> **Given information**:
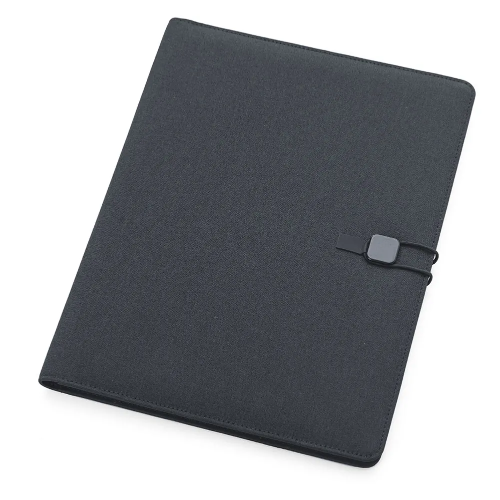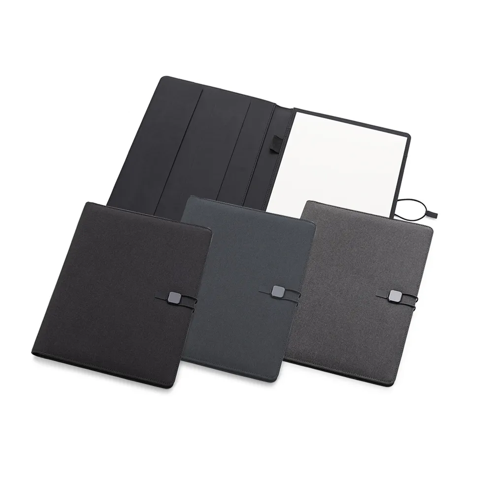Pasta executiva com capa almofadada em tecido poliéster, contendo: Bloco de anotações com 20 folhas; Porta Canetas; Porta Documentos; Porta Cartões.
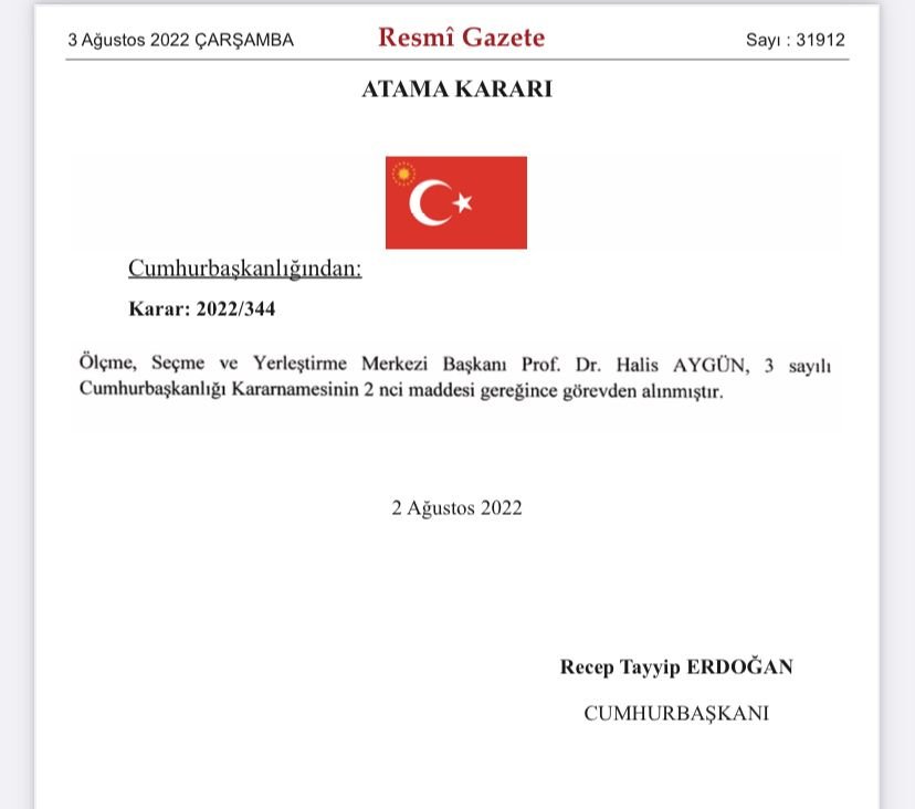 Cumhurbaşkanı Recep Tayyip Erdoğan imzalı kararname ile ÖSYM Başkanı Prof. Dr. Halis Aygün görevden alındı.
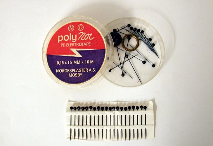35 svartir títuprjónar með kringlóttum haus úr svörtu plasti (svartri plastkúlu). 20 prjónanna eru nældir saman á hvítan pappír. Títuprjónarnir eru allir saman í glærri, hringlaga plastöskju sem upphaflega hefur verið utanum rafmagnstape. Í öskjunni eru einnig svört lítil tala og málmhringur. Títuprjónarnir voru notaðir til að festa skotthúfu á höfuð sem borin var við peysuföt og upphlut.
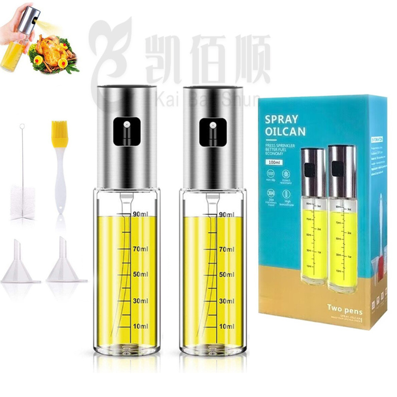 304不锈钢喷油瓶 按压式喷油壶油醋瓶厨房玻璃油瓶健身控油瓶油壶

> **Exercise brief**:
Print exactly the span of lines that begins with the line containing "35 svartir títuprjónar" and ends with the last line of the listing, with no pictures.

> **Solved problem**:
35 svartir títuprjónar með kringlóttum haus úr svörtu plasti (svartri plastkúlu). 20 prjónanna eru nældir saman á hvítan pappír. Títuprjónarnir eru allir saman í glærri, hringlaga plastöskju sem upphaflega hefur verið utanum rafmagnstape. Í öskjunni eru einnig svört lítil tala og málmhringur. Títuprjónarnir voru notaðir til að festa skotthúfu á höfuð sem borin var við peysuföt og upphlut.
 304不锈钢喷油瓶 按压式喷油壶油醋瓶厨房玻璃油瓶健身控油瓶油壶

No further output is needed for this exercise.